> [WHAT THIS TASK INVOLVES] Only an exact copy of the lines from the one containing "rước lợn. |" through the last line of the material below belongs in the answer, with no pictures.

> [DATASET CONTENT]
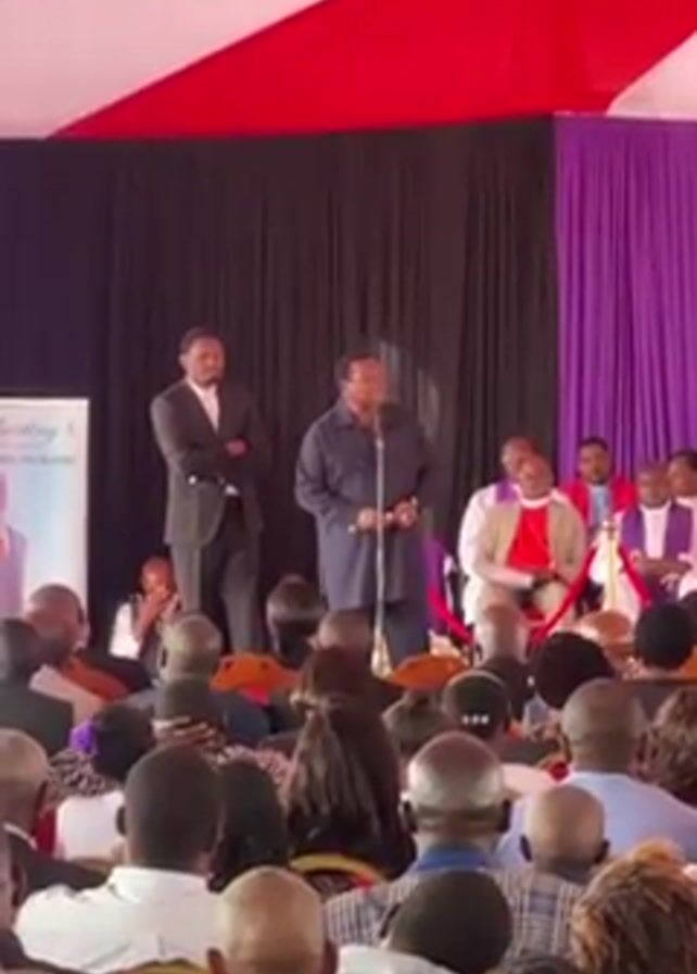 man speaking into a microphone in front of a seated audience. The speaker is wearing a dark jacket, and there is a man standing behind him to his left in a dark suit. Behind the speaker, there is a group of individuals who appear to be clergy, wearing religious robes and seated in chairs. To the left of the stage, there is a sign with text and an image of a person, although the details are not fully discernible. The audience consists of people of diverse ages and appearances. They are all facing the stage. The setting appears to be a formal event, possibly a memorial service or a public gathering, held under a tent decorated with red, white, and green fabric.
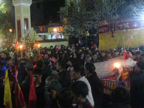 | Hàng nghìn người dân cùng khách thập phương chen chúc nhau xem lễ rước lợn. |
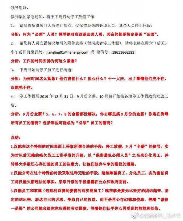 “漢能,沒有不可能。”這句漢能朗朗上口的司訓(xùn),已經(jīng)成為漢能被欠薪員工的揶揄對象。一名評論者在一篇關(guān)于漢能欠薪的網(wǎng)帖留言:“(不可能)有的,發(fā)工資是不可能的?!?
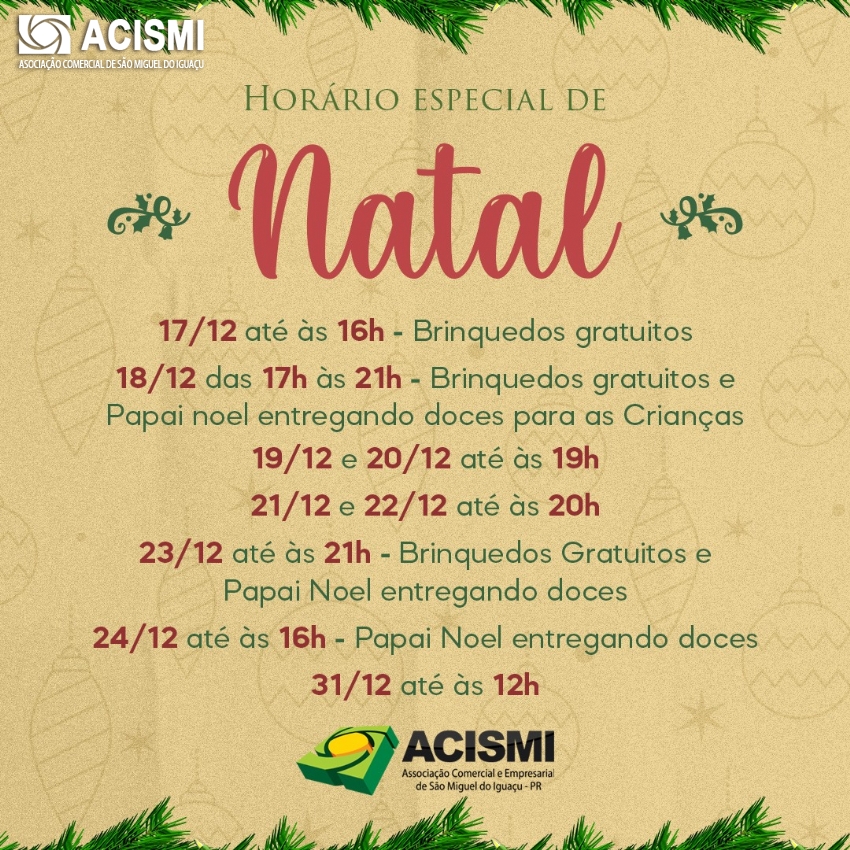 A Associação Comercial e Empresarial de São Miguel do Iguaçu (ACISMI) definiu a programação do comércio para o Natal.

> [SOLUTION TO THIS PROBLEM]
 | Hàng nghìn người dân cùng khách thập phương chen chúc nhau xem lễ rước lợn. |
 “漢能,沒有不可能。”這句漢能朗朗上口的司訓(xùn),已經(jīng)成為漢能被欠薪員工的揶揄對象。一名評論者在一篇關(guān)于漢能欠薪的網(wǎng)帖留言:“(不可能)有的,發(fā)工資是不可能的?!?
 A Associação Comercial e Empresarial de São Miguel do Iguaçu (ACISMI) definiu a programação do comércio para o Natal.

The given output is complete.